Wait — what about: 5 — 8 — 6 — 7? Already tried → last pair diff = 1 → no
What about: 6 — 5 — 8 — 7? |6 - 5| = 1 → no
Try: 7 — 6 — 8 — 5
- |7 - 6| = 1 → ✘ No
Try: 8 — 6 — 7 — 5
- |8 - 6| = 2 → OK
- |6 - 7| = 1 → ✘ No
So only two seem to work.
Let’s list the two valid ones we found:
✔ 6 — 8 — 5 — 7
✔ 7 — 5 — 8 — 6
Are these different?
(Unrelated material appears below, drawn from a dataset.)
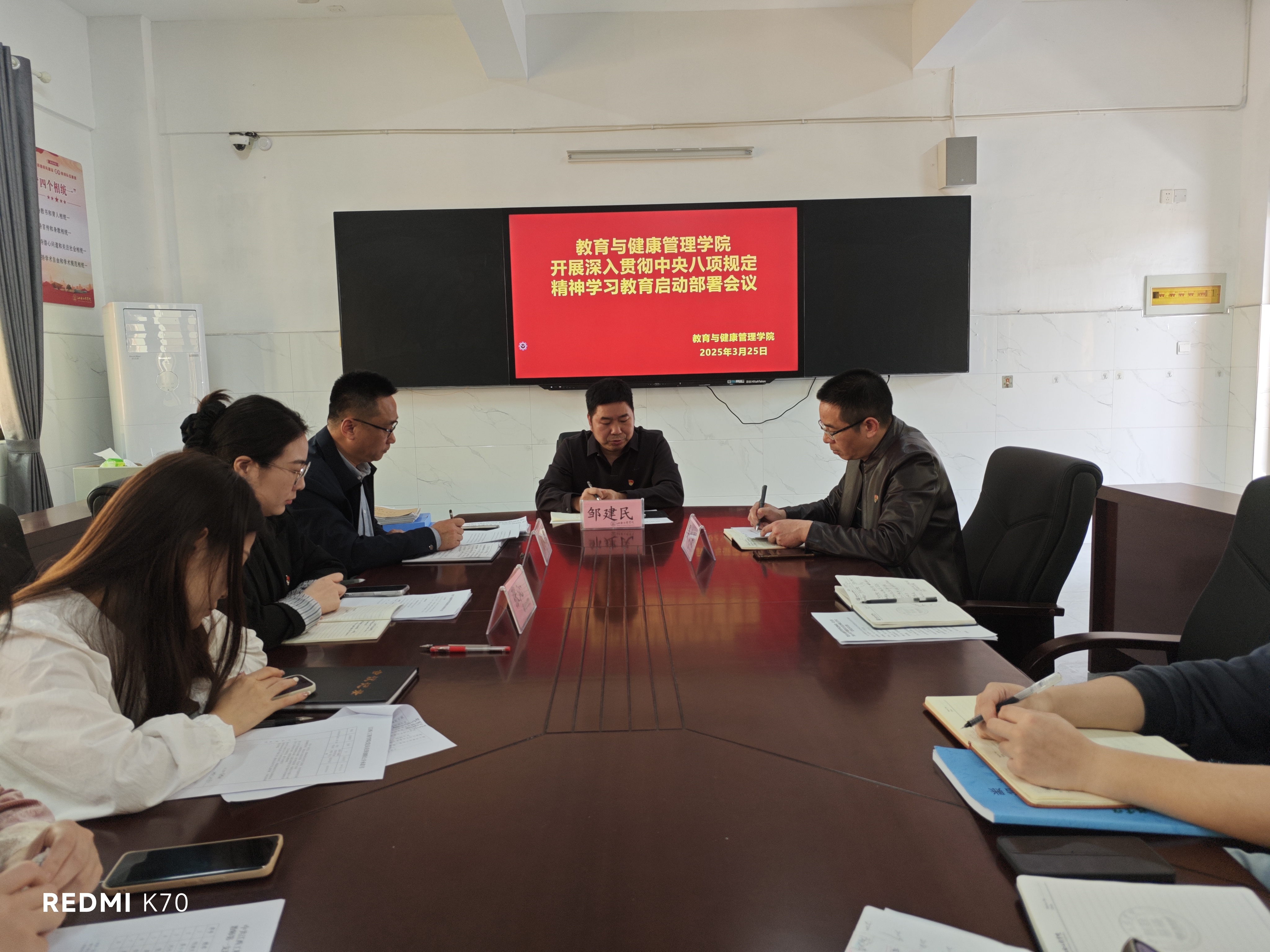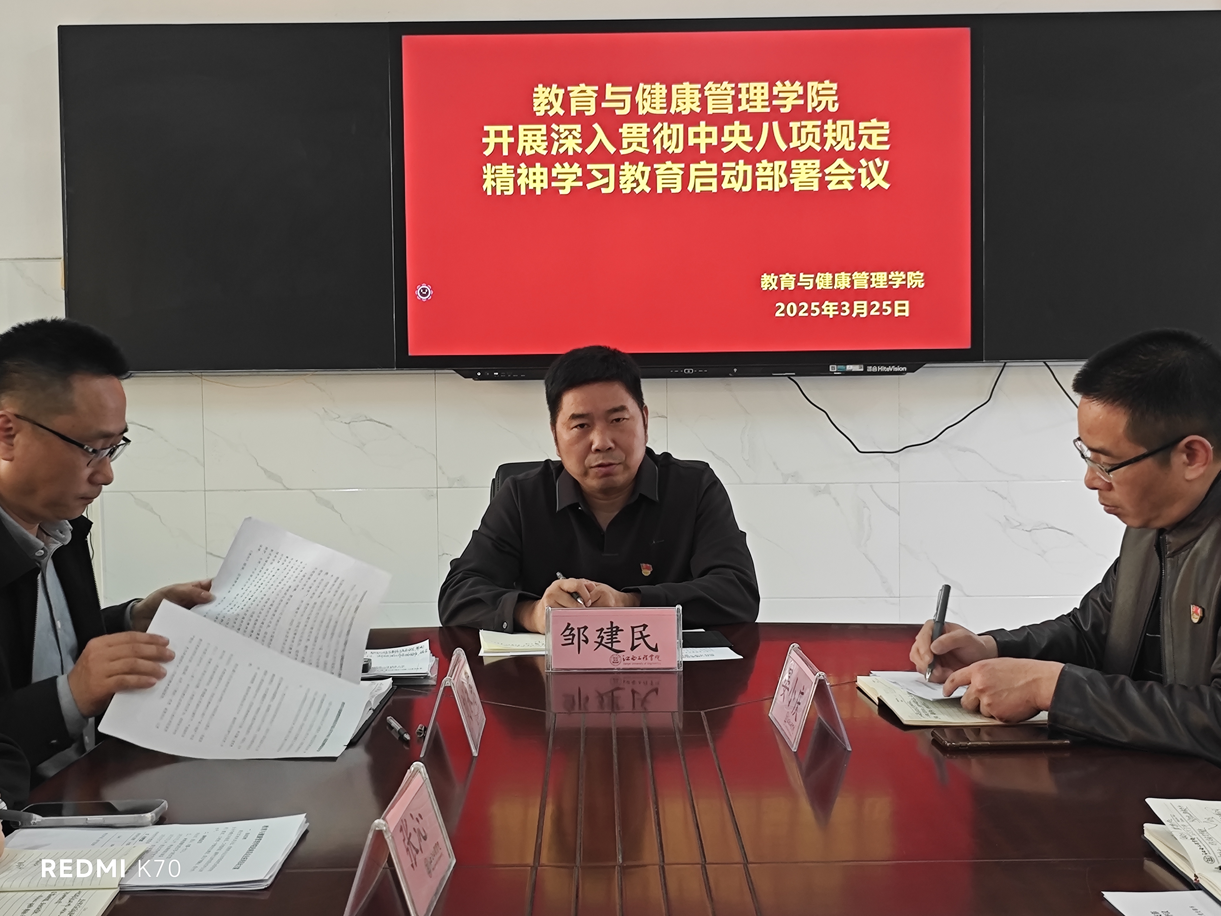 为深入贯彻落实全面从严治党要求,持续巩固作风建设成果,教育与健康管理公司于3月25日召开深入学习中央八项规定精神启动大会。党委委员、董事长助理邹建民,经理晏小庆、党总支书记刘永东出席大会并作动员并讲话,公司领导班子全体成员、师生党员代表及教职工代表参加会议,会议由公司党总支副书记张沁主持。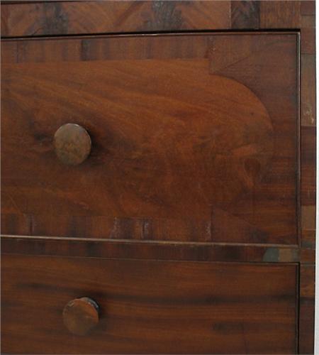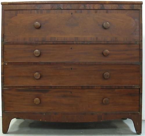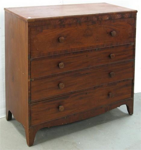 Walnut four drawer chest; rectangular top over four long drawers; the large top drawer with inlaid banded veneer; knob handles; beaded drawer fronts; dovetailed drawer construction; bracket feet; early 1800's; 44" high x 46 1/2" across x 21" deep (top with crack)

Yes — they’re mirror images.
Let’s verify both:
First: 6 — 8 — 5 — 7
- 6 & 8 → 2 → OK
- 8 & 5 → 3 → OK
- 5 & 7 → 2 → OK
Second: 7 — 5 — 8 — 6
- 7 & 5 → 2 → OK
- 5 & 8 → 3 → OK
- 8 & 6 → 2 → OK
Perfect.
Is there a third?
Try: 5 — 7 — 6 — 8 → |5-7|=2, |7-6|=1 → ✘
Try: 8 — 5 — 6 — 7 → |8-5|=3, |5-6|=1 → ✘
Try: 6 — 7 — 8 — 5 → |6-7|=1 → ✘
Try: 5 — 6 — 7 — 8 → all adjacent differences = 1 → ✘
Try: 8 — 7 — 5 — 6 → |8-7|=1 → ✘
Try: 5 — 8 — 7 — 6 → |8-7|=1 → ✘
So only two valid arrangements.
Wait — what about 8 — 5 — 7 — 6?
- |8 - 5| = 3 → OK
- |5 - 7| = 2 → OK
- |7 - 6| = 1 → ✘ No
No.
How about 6 — 8 — 7 — 5?
- |6 - 8| = 2 → OK
- |8 - 7| = 1 → ✘ No
No.
So only two work.
---
✔ Final Answer:
Yes, we can do it. Here are two ways:
1. 6 — 8 — 5 — 7
Differences: |6-8|=2, |8-5|=3, |5-7|=2 → all >1 ✔
2. 7 — 5 — 8 — 6
Differences: |7-5|=2, |5-8|=3, |8-6|=2 → all >1 ✔
These are the only two possible arrangements (up to reversal).
---
Answer to the question:
Yes, you can put the numbers 5, 6, 7, and 8 into the circles so that the difference between each pair of joined numbers is more than one.
Here are two ways:
First way:
○ — ○ — ○ — ○
6 — 8 — 5 — 7
Second way:
○ — ○ — ○ — ○
7 — 5 — 8 — 6
Both satisfy the condition.
Parent Tip: Review the logic above to help your child master the concept of problem solving maths worksheet.